## Task description
All of the entries must be reproduced exactly, with no images carried over.

____

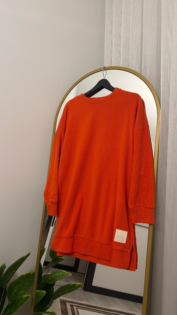 Turuncu triko dokulu, bol kesim kadın sweatshirtü. Uzun kollu, yuvarlak yaka ve midi boyda, yumuşak ve sıcak kumaştan üretilmiştir.
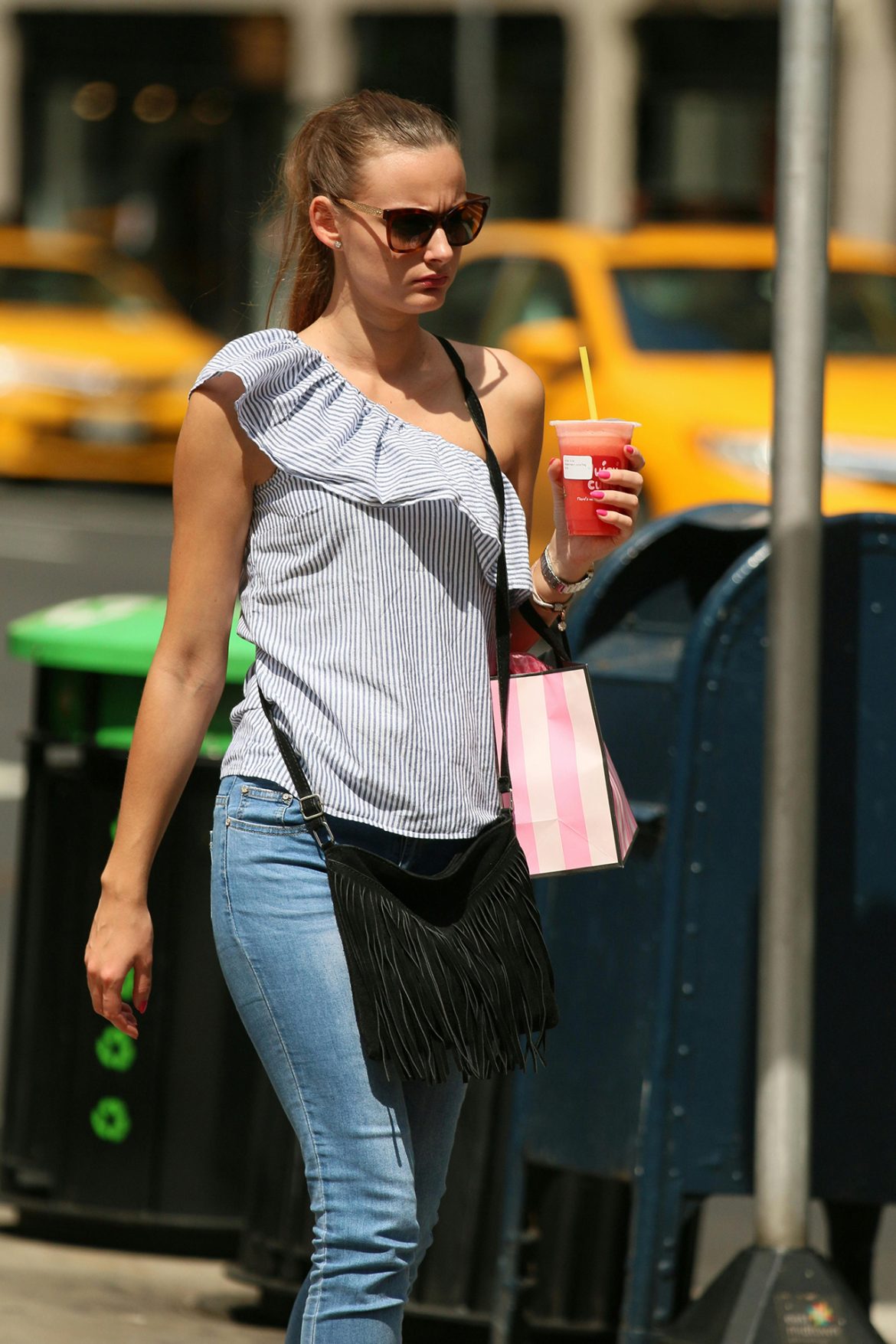 Matching sets are always a winning choice, and if you want an easy way to rock suede, coordinating pieces are the way to go. Sasha looks absolutely stunning in a suede jacket paired with a matching mini skirt, crafting the ideal fall outfit. To keep things seasonally appropriate, she completes her look with sheer tights and stylish chocolate heels, creating an ensemble that’s sure to turn heads.
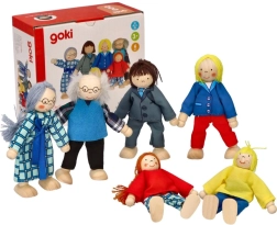 Oplev charmen ved familiespil med det klassiske Goki-dukkesæt. Seks omhyggeligt fremstillede figurer – bedstemor, bedstefar, mor, far, datter og søn – understøtter fantasi, kommunikationsevner og social læring. Takket være de bøjelige lemmer kan de nemt indtage forskellige positioner og tilpasses enhver scene i børnenes dukkehus.
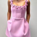 Cindy™ é o vestido mini que combina frescura e feminilidade num design irresistível. As aplicações florais em relevo dão textura e presença, enquanto o corte curto e o caimento leve garantem um visual moderno — perfeito para encontros, eventos ao ar livre e noites especiais.
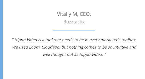 " We have checked, tested and now love it to the core. Hippo Video is the best in its class. Trust me when I say it is better than the combination of Loom, Cloudapp, Droplr and many similar tools. Hippo Video is a beast. "
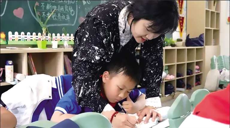 出生于1991年的朱文洁,已有近10年的教学经验了。她曾在安徽滁州和江苏淮安工作,2019年才来到车站小学。从初中转向小学,对朱文洁来说是挑战,“给一年级的小朋友上课,他们完全听不懂我说的话。”面对瞪着眼睛不知所措的小朋友,她内心疑惑:是不是自己的教学方法有问题,怎么办?她想了个招,用视频记录每一节课,回家后认真分析,再复盘检验教学成果。
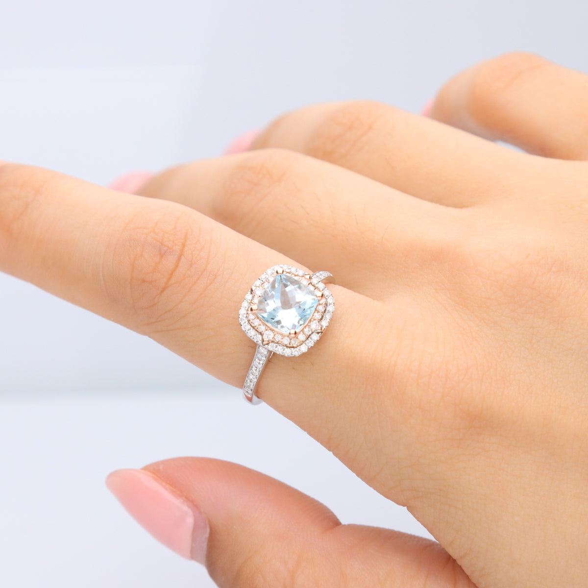 Zoey 14K Two Tone Gold Cushion-Cut Brazilian Aquamarine Ring
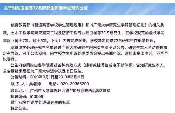 今年年初,广州大学研究生院发公告,表示有72名研究生在规定的最长学习年限内未完成学业,学校因此做出退学处理。

____

## Output for this exercise
 Turuncu triko dokulu, bol kesim kadın sweatshirtü. Uzun kollu, yuvarlak yaka ve midi boyda, yumuşak ve sıcak kumaştan üretilmiştir.
 Matching sets are always a winning choice, and if you want an easy way to rock suede, coordinating pieces are the way to go. Sasha looks absolutely stunning in a suede jacket paired with a matching mini skirt, crafting the ideal fall outfit. To keep things seasonally appropriate, she completes her look with sheer tights and stylish chocolate heels, creating an ensemble that’s sure to turn heads.
 Oplev charmen ved familiespil med det klassiske Goki-dukkesæt. Seks omhyggeligt fremstillede figurer – bedstemor, bedstefar, mor, far, datter og søn – understøtter fantasi, kommunikationsevner og social læring. Takket være de bøjelige lemmer kan de nemt indtage forskellige positioner og tilpasses enhver scene i børnenes dukkehus.
 Cindy™ é o vestido mini que combina frescura e feminilidade num design irresistível. As aplicações florais em relevo dão textura e presença, enquanto o corte curto e o caimento leve garantem um visual moderno — perfeito para encontros, eventos ao ar livre e noites especiais.
 " We have checked, tested and now love it to the core. Hippo Video is the best in its class. Trust me when I say it is better than the combination of Loom, Cloudapp, Droplr and many similar tools. Hippo Video is a beast. "
 出生于1991年的朱文洁,已有近10年的教学经验了。她曾在安徽滁州和江苏淮安工作,2019年才来到车站小学。从初中转向小学,对朱文洁来说是挑战,“给一年级的小朋友上课,他们完全听不懂我说的话。”面对瞪着眼睛不知所措的小朋友,她内心疑惑:是不是自己的教学方法有问题,怎么办?她想了个招,用视频记录每一节课,回家后认真分析,再复盘检验教学成果。
 Zoey 14K Two Tone Gold Cushion-Cut Brazilian Aquamarine Ring
 今年年初,广州大学研究生院发公告,表示有72名研究生在规定的最长学习年限内未完成学业,学校因此做出退学处理。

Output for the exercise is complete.